Diana Wall first became fascinated with nematodes, sometimes microscopic, multi-cellular worms, as an undergraduate when she realized how similar they were to humans.
“I realized that they were like us, but I could see right through them with a microscope,” Wall, the founding director of CSU’s School of Global Environmental Sustainability,” Wall said. “I could see their esophagi working, their ovaries and all of their parts.”
Nematodes are found throughout the world because they have adapted to live in starkly contrasting environments, from those in Antarctica to underwater.
Wall studies these creatures, whose digestive, nervous and reproductive systems are akin to a human’s, as part of her study of soil biodiversity. She is working to determine what happens when soil, a habitat for thousands of species, is disturbed and how people can sustain it, in turn preserving the environment around it.
A CSU biology professor, Wall, is exploring how the abundant life in the soil contributes to healthy, fertile and productive soil ecosystems.
As part of this research she has traveled with her research team to the McMurdo Dry Valleys in Antarctica 18 times since 1989 to see how nematodes and other organisms survive in the frigid environment and evaluate what happens when the soil ecosystems are affected by change.
She said researchers erect little greenhouse-like structures on spots of soil, warm them to see the effects and then fly the soil back to CSU to study.
In honor of her research, the U.S. Board on Geographic Names named Wall Valley, Antarctica after the CSU professor.

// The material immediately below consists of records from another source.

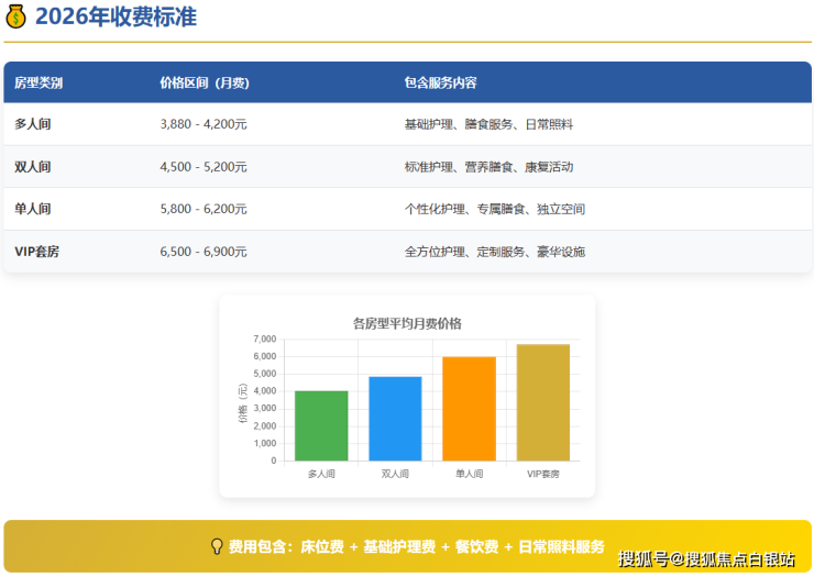 了解护理院的收费情况是选择的重要依据,以下是上海金色怡福护理院的收费结构: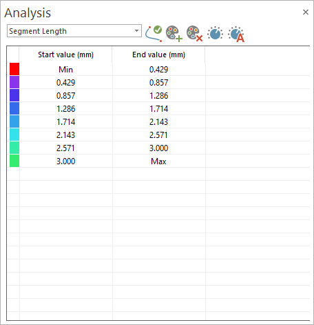 Reset to default: resets the minimum and maximum colors interval values for the toolpath segments. (which is 0.429 and 3, respectively).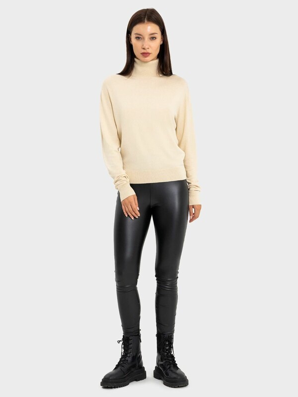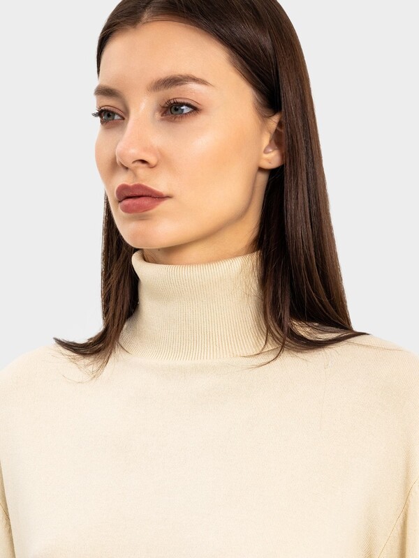 Свободный женский свитер из натурального дышащего хлопка и полиакрилонитрила – гипоаллергенного, легкого, термостойкого и долговечного материала. Длина до середины бедра или чуть ниже. Рукава длинные. Широкий воротник-стойка. Стильный свитер!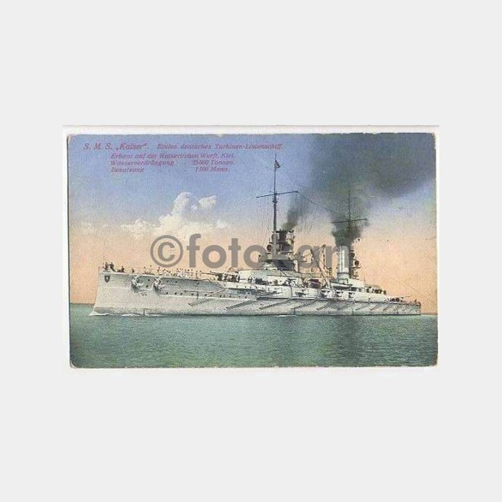 Alman savaş gemisi Kaiser, eski nadir kartpostal, 1912-1919 yılları arasında 1. Dünya savaşına katılan önemli gemi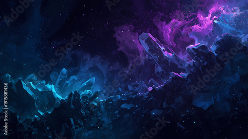 Obraz premium A mesmerizing cosmic scene with glowing crystals evokes wonder and mystery,...

The New York Times was among the publications that have documented and reported on the team’s research.
Earlier this month, Wall used her research to contribute to CSU’s International Colloquium on Global Challenges for Sustainability. She hosted two of the sessions: “Biodiversity 911” and “Hot Topics in Sustainability.”
One session focused on the threat of climate change to diversity within species and between different species and the other centered on the main areas of concern in sustainability and how to educate people on these concerns, respectively.

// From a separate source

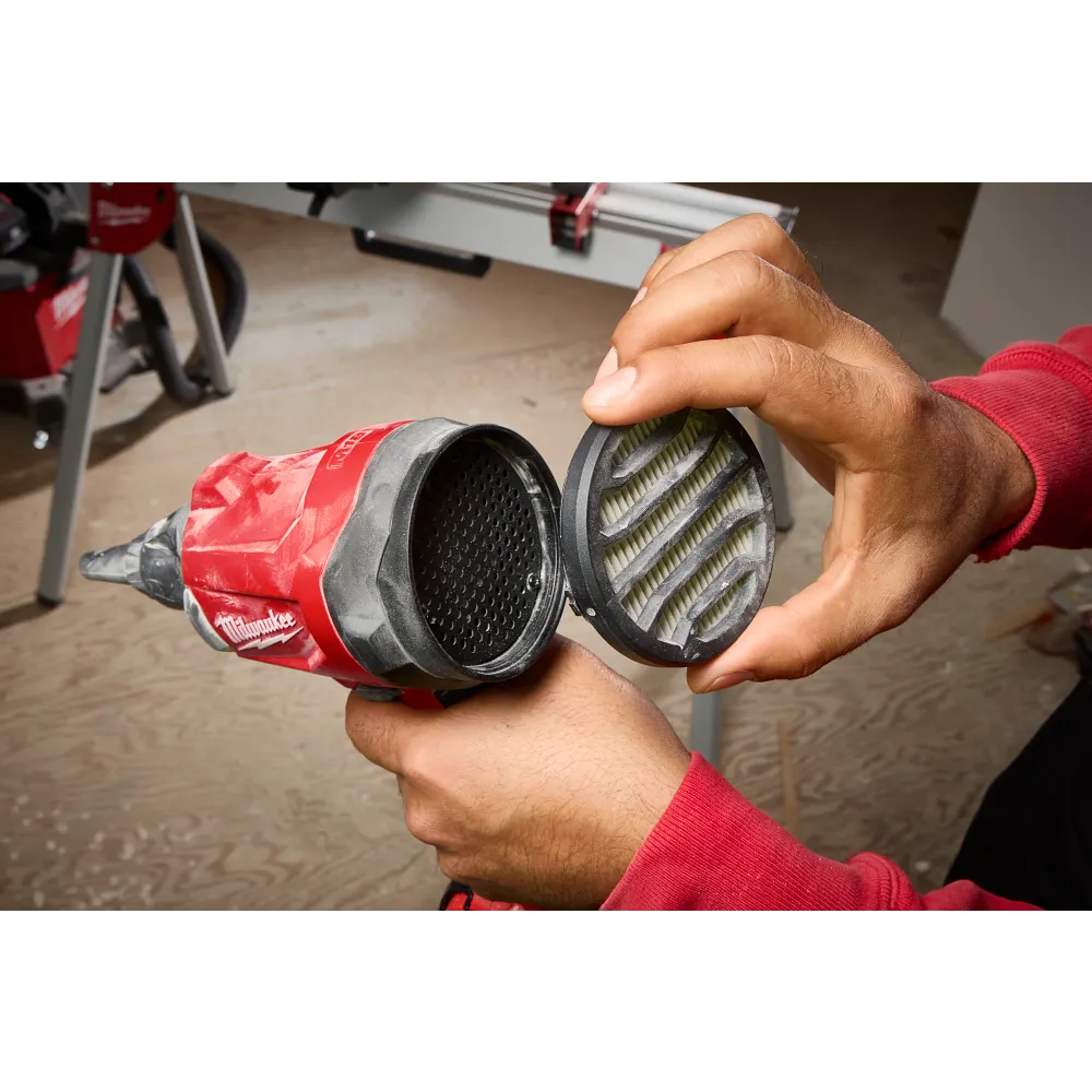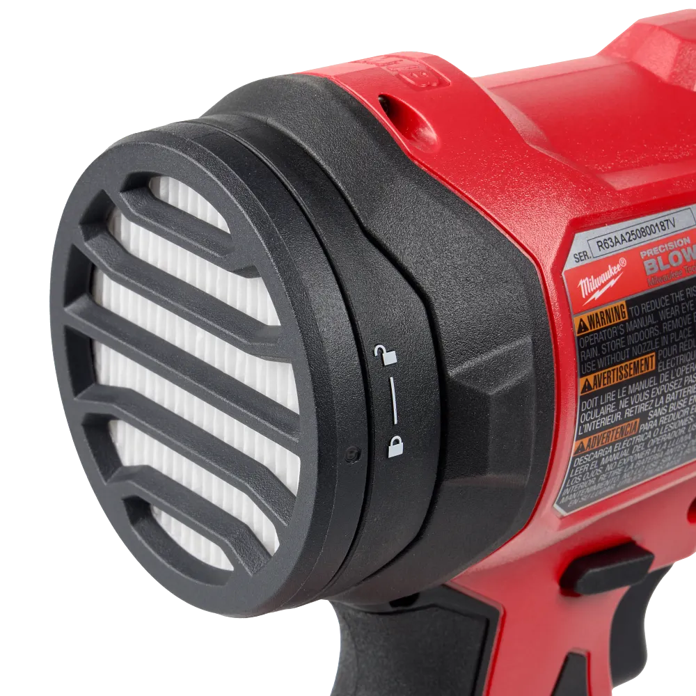 The MILWAUKEE® Inlet Filter (49-90-1949) is compatible with the M18™ Brushless Precision Blower (0887). The filter is easy to install with a quarter-turn lock. This filter is dry-cleanable and reusable after cleaning.

Wall, who earned her bachelor’s and doctorate degrees in biology from the University of Kentucky, was one of three professors to receive CSU’s University Distinguished Professor award in April for her work with soil biodiversity and her accomplishments as a whole.
Graduate student Rosemary Townsend, who works with and is advised by Wall, believes Wall definitely deserved the award.
“She deserved the Distinguished Professor award for all her dedication and commitment to the university and her profession,” Townsend said. “Her work is world-renowned and very import in soil sustainability.”
Her colleague from the School of Global Environmental Sustainability agreed that Wall was a great choice for the award.
“Diana is not only a world-renowned scientist, but she also possesses a strong sense of responsibility toward providing research and teaching of the highest caliber,” said Eugene Kelly, interim associate director of Research and Development Programs for the School of Environmental Sustainability. /
“She is a true scholar in the best sense of the term, and it serves her well in every aspect of her profession.”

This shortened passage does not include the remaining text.